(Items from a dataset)
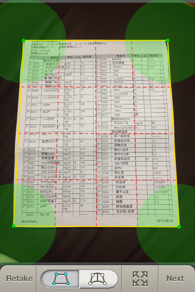 撮影後の画面では、撮影したドキュメントの周囲を囲む黄色の線と、角に緑の点が自動で表示されます。斜めに撮影してしまったり、元の紙に折り目がついていたりしても、自動で調整してくれるので大丈夫!自動調整でもかなり正確に周囲を認識してくれますが、もし線がドキュメントからずれていると感じたら、緑の円の部分をタッチしながら線や点の位置を手動で調整することもできます。
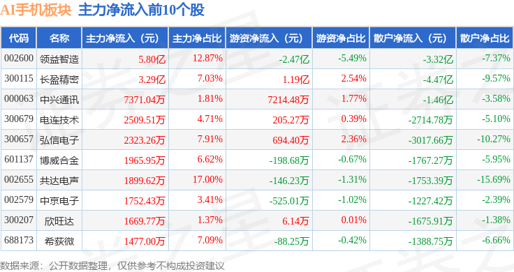 从资金流向上来看,当日AI手机板块主力资金净流入1.13亿元,游资资金净流入3.72亿元,散户资金净流出4.85亿元。AI手机板块个股资金流向见下表:
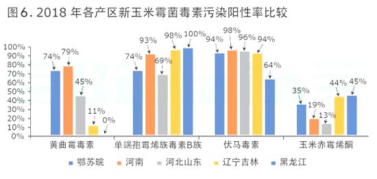 由表4可见,从黄曲霉毒素污染水平来看,杂粕类和DDGS受污染程度较重,分别有72.6%和25%的样品检测值超过高风险值(>4ppb),而豆粕和精饲料中黄曲霉毒素污染程度不高,麸皮最轻,为1.3%。 玉米赤霉烯酮对各种饲料原料污染程度不高,仅DDGS中有20%的样品超过高风险值,值得提示的是,麸皮中玉米赤霉烯酮最高值达到了2067ppb。 单端孢霉烯族毒素B族污染水平不一,麸皮和DDGS受此类毒素污染严重,分别有67.5%和85%的样品检测值超过高风险值。而精饲料和杂粕类污染较轻,豆粕和棉籽棉粕类更是均未超高风险值。 六、几种毒素的风险分析 由图4可见,粗饲料中黄曲霉毒素的污染属于低风险,单端孢霉烯族毒素B族污染属于高风险,玉米赤霉烯酮在粗饲料中的污染情况处于中等偏高风险水平。 由图5可见,奶牛精饲料中单端孢霉烯族毒素B族污染严重,34%的送检样品检测结果位于中高风险水平。玉米赤霉烯酮风险不高,高风险值仅占5.8%;黄曲霉毒素污染较严重,16.9%的样品中黄曲霉毒素含量超过4ppb。 七、2018年玉米普查 2018年共采集秋季新玉米216份,主要来自大中型饲料与养殖企业,少部分来自收粮点。数据见图6、表5。 |
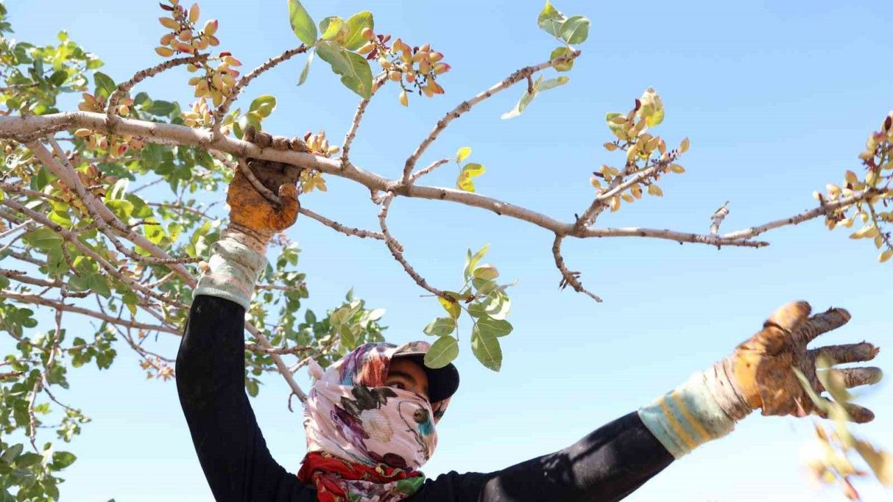 Yüksek sıcaklıklara rağmen fıstık tarlalarında hummalı bir şekilde süren hasat, mevsimlik işçilerin çabasıyla devam ediyor.
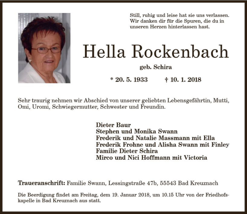 Hier finden Sie alle Traueranzeigen aus der Zeitung, die bisher für Hella Rockenbach erschienen sind. Weitere Traueranzeigen, die in der Zeitung erscheinen, werden hier ebenfalls aufgelistet

#### [Instructions to follow]
Nothing but the records above, retyped exactly and stripped of images, should appear in the answer.

#### [Exercise answer]
 撮影後の画面では、撮影したドキュメントの周囲を囲む黄色の線と、角に緑の点が自動で表示されます。斜めに撮影してしまったり、元の紙に折り目がついていたりしても、自動で調整してくれるので大丈夫!自動調整でもかなり正確に周囲を認識してくれますが、もし線がドキュメントからずれていると感じたら、緑の円の部分をタッチしながら線や点の位置を手動で調整することもできます。
 从资金流向上来看,当日AI手机板块主力资金净流入1.13亿元,游资资金净流入3.72亿元,散户资金净流出4.85亿元。AI手机板块个股资金流向见下表:
 由表4可见,从黄曲霉毒素污染水平来看,杂粕类和DDGS受污染程度较重,分别有72.6%和25%的样品检测值超过高风险值(>4ppb),而豆粕和精饲料中黄曲霉毒素污染程度不高,麸皮最轻,为1.3%。 玉米赤霉烯酮对各种饲料原料污染程度不高,仅DDGS中有20%的样品超过高风险值,值得提示的是,麸皮中玉米赤霉烯酮最高值达到了2067ppb。 单端孢霉烯族毒素B族污染水平不一,麸皮和DDGS受此类毒素污染严重,分别有67.5%和85%的样品检测值超过高风险值。而精饲料和杂粕类污染较轻,豆粕和棉籽棉粕类更是均未超高风险值。 六、几种毒素的风险分析 由图4可见,粗饲料中黄曲霉毒素的污染属于低风险,单端孢霉烯族毒素B族污染属于高风险,玉米赤霉烯酮在粗饲料中的污染情况处于中等偏高风险水平。 由图5可见,奶牛精饲料中单端孢霉烯族毒素B族污染严重,34%的送检样品检测结果位于中高风险水平。玉米赤霉烯酮风险不高,高风险值仅占5.8%;黄曲霉毒素污染较严重,16.9%的样品中黄曲霉毒素含量超过4ppb。 七、2018年玉米普查 2018年共采集秋季新玉米216份,主要来自大中型饲料与养殖企业,少部分来自收粮点。数据见图6、表5。 |
 Yüksek sıcaklıklara rağmen fıstık tarlalarında hummalı bir şekilde süren hasat, mevsimlik işçilerin çabasıyla devam ediyor.
 Hier finden Sie alle Traueranzeigen aus der Zeitung, die bisher für Hella Rockenbach erschienen sind. Weitere Traueranzeigen, die in der Zeitung erscheinen, werden hier ebenfalls aufgelistet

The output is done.